– Аньезе! – закричала Сальватора, влетая в комнату. Она сдернула простыню и уставилась на дочь, словно проверяя, жива та или нет.
– Мам, да что случилось? – спросила Аньезе.
– Сколько раз я тебя просила, не накрывайся с головой? Стоит на секунду забыться и задохнешься во сне, – выдохнула мать, садясь на кровать и прижимая руку к сердцу. Глубоко вдохнула пару раз и немного успокоилась. – Мы с отцом собираемся на пляж на весь день. Пойдешь с нами?
– Нет, что-то не хочется…
– И что ты будешь делать? Снова просидишь дома весь день? Сегодня же Феррагосто, доченька, развейся немного.
– Может, я присоединюсь к вам позже, ладно?

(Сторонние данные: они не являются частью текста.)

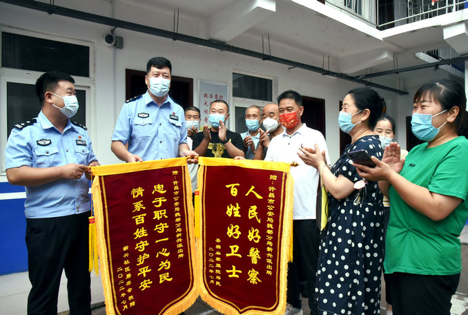 中新河南網(wǎng)7月29日(張培 曹秀軍)“我們是26號(hào)早上到派出所報(bào)案電動(dòng)車(chē)電瓶被偷了,那天半夜我睡醒站在窗口,看見(jiàn)民警還在巡邏哩。天剛亮,就聽(tīng)說(shuō)蟊賊抓到了,追回來(lái)了好多電瓶。這暑熱連天的,民警真是辛苦啦……”7月29日一大早,十幾名群眾捧著兩面錦旗,來(lái)到許昌市公安局魏都分局新興派出所,向辦案民警表示感謝。
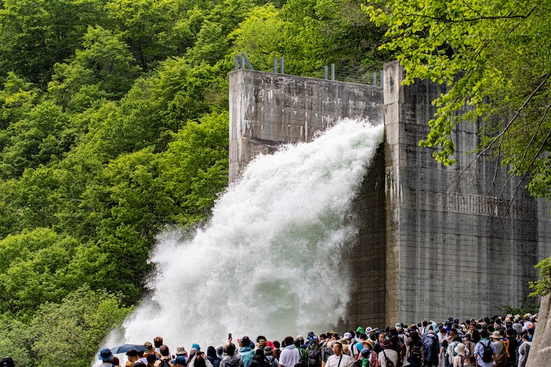 矢木沢ダムの大迫力の放流は午前・午後の2回を予定しており、各回約10分間のハイライトでは毎秒30トンの放流を実施予定です。
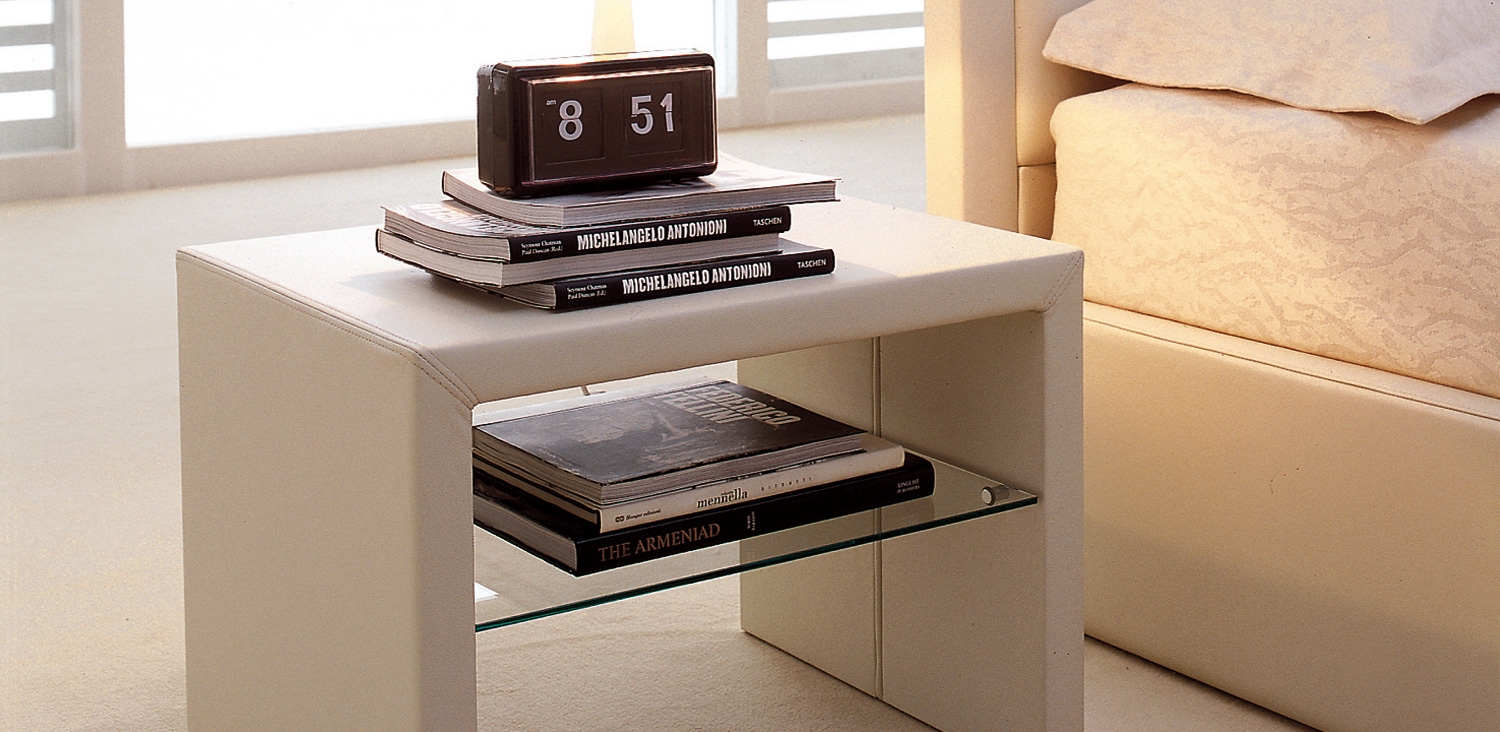 Noční stolek Dorian s dřevěnou konstrukcí je celý potažený kůží (syntetická nebo měkká). Obsahuje polici z transparentního skla.

Сальватора с тревогой посмотрела на нее.
– Почему бы тебе не зайти за Терезой и не пойти с ней?
Аньезе села на кровати.
– Мама, я не видела Терезу уже несколько недель. Мы больше не подруги, как раньше. Даже не знаю, подруги ли мы вообще…
– Да что за глупости! – возразила Сальватора, вставая. – Дружба так просто не заканчивается. Иногда люди отдаляются друг от друга, но потом снова сходятся. – Она подняла с пола платье дочери и повесила его на спинку стула.

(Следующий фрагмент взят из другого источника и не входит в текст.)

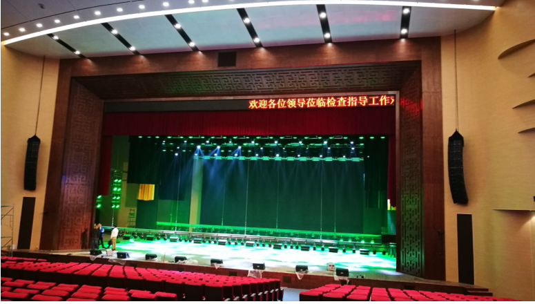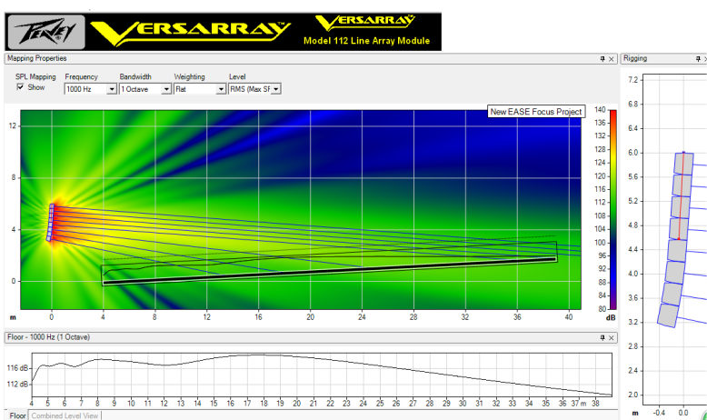 强大的Peavey线阵列扬声器系统设计软件为我们安装调试提供了强有力的指导。通过CAD模拟计算与Peavey设计软件结合现场实际出图测试,我们得出了主扩声扬声器Versarray112阵列数量为8只、吊挂高度5.3米、整体向下倾角6.7度以及阵列单元间的阵列夹角。
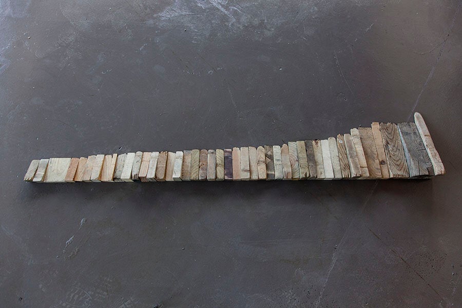 Ames’s exhibition is far more than a casual nod to his visual antecedents. He has distilled their conceptual essences down to a single visual trope, reconceived them, and made them manifest. Take Coupled Forms, for example. Here, two wire basket frames — complex polyhedrons that recall Robert Morris’s untitled works of 1967 — are intertwined on the floor. They are more intimate in scale, and play with the ideas that LeWitt so methodically explored, but for Ames these ideas are just a ground on which he has laid his new figures. On the back right wall, Sanded Wood (2015), a painted board — essentially a 2 x 4 — riffs on Donald Judd.

– А ты откуда знаешь? У тебя же нет подруг, – пробормотала Аньезе.
Мать обиженно посмотрела на нее.
– Смотри-ка, какая ты у нас стала умная, а! Пререкаешься с матерью, дерзишь… И за что мне такое наказание, – проворчала она, выходя из спальни.
Аньезе снова улеглась и оглядела комнату. Черно-белая фотография бабушки с дедушкой – та самая, что она забрала с мыловарни, – теперь стояла у нее на комоде. Диплом Ренато и рекламные плакаты Лоренцо она повесила на стену. «Они такие красивые, в тысячу раз лучше тех, что у этого Рыжего», – подумала она. Аньезе перевела взгляд на грамоты, полученные за мыло «Марианн», висевшие на противоположной стене, и ей снова стало грустно. Аньезе никак не могла понять: почему вдруг люди разлюбили это мыло? Что с ним не так? Но, как ни старалась, не находила ответа. В одном она была уверена точно: «Марианн» нельзя просто так взять и вычеркнуть, будто его никогда и не существовало, она этого не позволит. Ради бабушки с дедушкой, ради себя… и ради Лоренцо. Должен быть какой-то выход, но какой? Аньезе все утро пролежала, ломая голову, как уговорить Колеллу снова запустить «Марианн» в производство. Наконец, чувство голода взяло верх, и она спустилась на кухню.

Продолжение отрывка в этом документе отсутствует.